───── PROVIDED INFORMATION
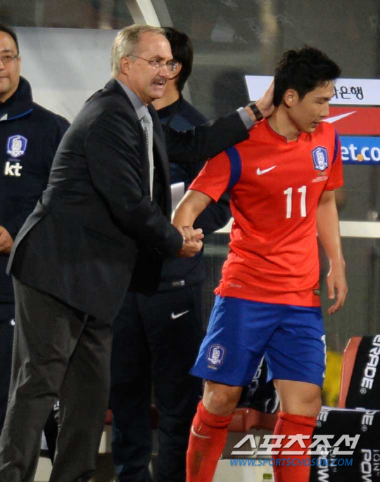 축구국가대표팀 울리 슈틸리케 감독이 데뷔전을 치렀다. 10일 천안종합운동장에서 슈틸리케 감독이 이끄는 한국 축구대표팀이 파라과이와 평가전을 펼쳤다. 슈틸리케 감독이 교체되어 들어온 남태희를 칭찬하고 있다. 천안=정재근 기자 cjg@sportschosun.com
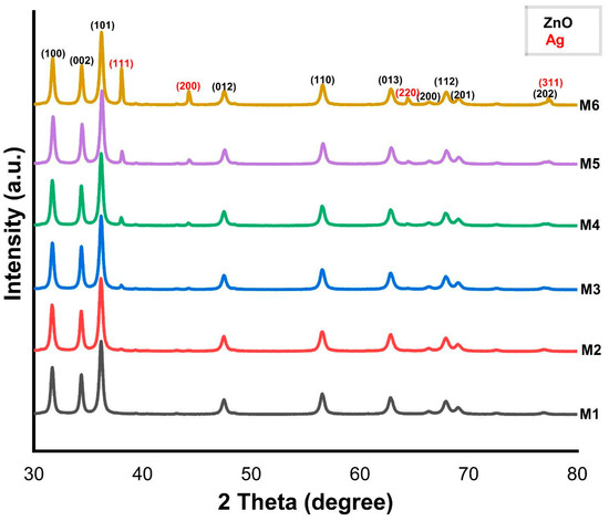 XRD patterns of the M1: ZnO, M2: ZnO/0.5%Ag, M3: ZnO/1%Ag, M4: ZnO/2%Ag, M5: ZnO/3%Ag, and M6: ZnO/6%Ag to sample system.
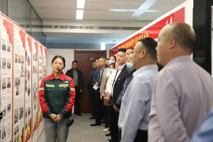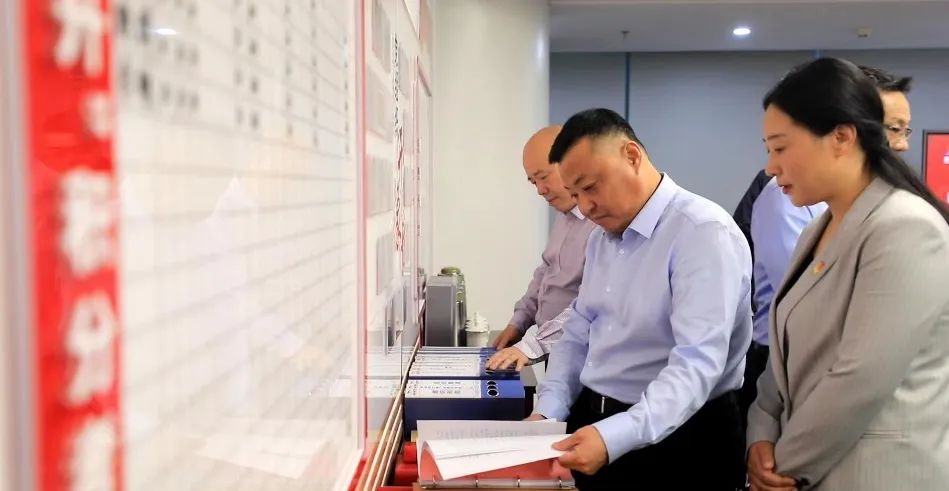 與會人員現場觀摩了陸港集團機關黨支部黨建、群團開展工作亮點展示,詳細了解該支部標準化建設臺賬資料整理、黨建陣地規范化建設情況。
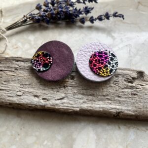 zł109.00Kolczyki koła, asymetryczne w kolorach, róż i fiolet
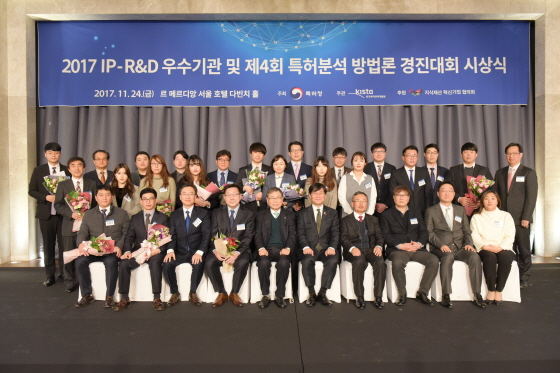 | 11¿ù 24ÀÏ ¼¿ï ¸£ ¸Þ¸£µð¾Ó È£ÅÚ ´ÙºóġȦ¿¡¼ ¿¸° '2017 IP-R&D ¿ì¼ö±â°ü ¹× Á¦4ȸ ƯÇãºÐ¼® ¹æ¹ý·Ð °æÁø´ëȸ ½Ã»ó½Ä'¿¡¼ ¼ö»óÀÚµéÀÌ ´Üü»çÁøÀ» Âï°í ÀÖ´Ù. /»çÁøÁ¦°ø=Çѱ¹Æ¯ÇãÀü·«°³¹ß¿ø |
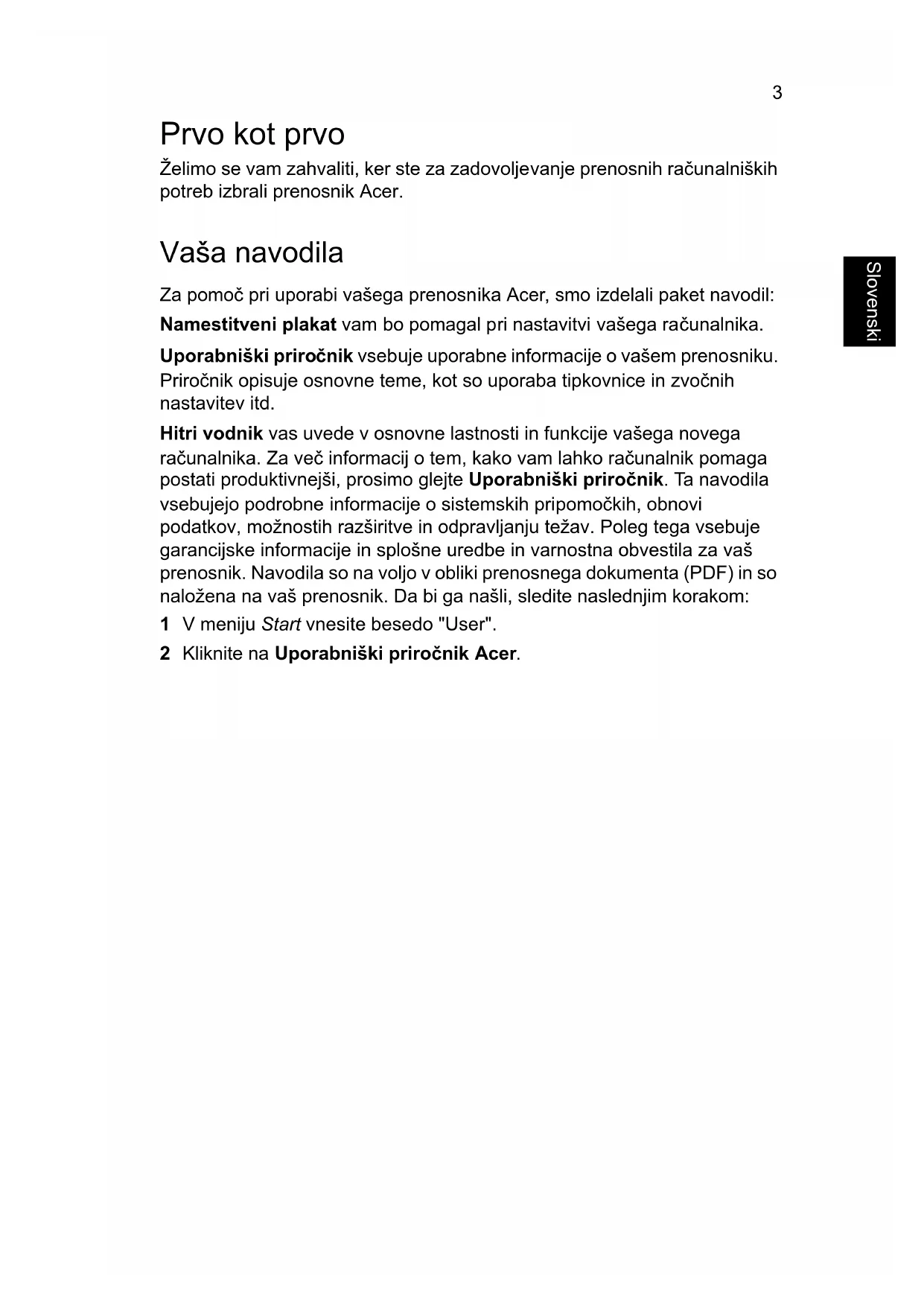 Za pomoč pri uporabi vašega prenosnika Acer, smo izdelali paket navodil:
──────────
AIM OF THE TASK: Take the lines from the start of the entries through the line containing "11¿ù 24ÀÏ ¼¿ï" and set them down exactly, leaving out every picture.

ANSWER SECTION:
 축구국가대표팀 울리 슈틸리케 감독이 데뷔전을 치렀다. 10일 천안종합운동장에서 슈틸리케 감독이 이끄는 한국 축구대표팀이 파라과이와 평가전을 펼쳤다. 슈틸리케 감독이 교체되어 들어온 남태희를 칭찬하고 있다. 천안=정재근 기자 cjg@sportschosun.com
 XRD patterns of the M1: ZnO, M2: ZnO/0.5%Ag, M3: ZnO/1%Ag, M4: ZnO/2%Ag, M5: ZnO/3%Ag, and M6: ZnO/6%Ag to sample system.
 與會人員現場觀摩了陸港集團機關黨支部黨建、群團開展工作亮點展示,詳細了解該支部標準化建設臺賬資料整理、黨建陣地規范化建設情況。
 zł109.00Kolczyki koła, asymetryczne w kolorach, róż i fiolet
 | 11¿ù 24ÀÏ ¼¿ï ¸£ ¸Þ¸£µð¾Ó È£ÅÚ ´ÙºóġȦ¿¡¼ ¿¸° '2017 IP-R&D ¿ì¼ö±â°ü ¹× Á¦4ȸ ƯÇãºÐ¼® ¹æ¹ý·Ð °æÁø´ëȸ ½Ã»ó½Ä'¿¡¼ ¼ö»óÀÚµéÀÌ ´Üü»çÁøÀ» Âï°í ÀÖ´Ù. /»çÁøÁ¦°ø=Çѱ¹Æ¯ÇãÀü·«°³¹ß¿ø |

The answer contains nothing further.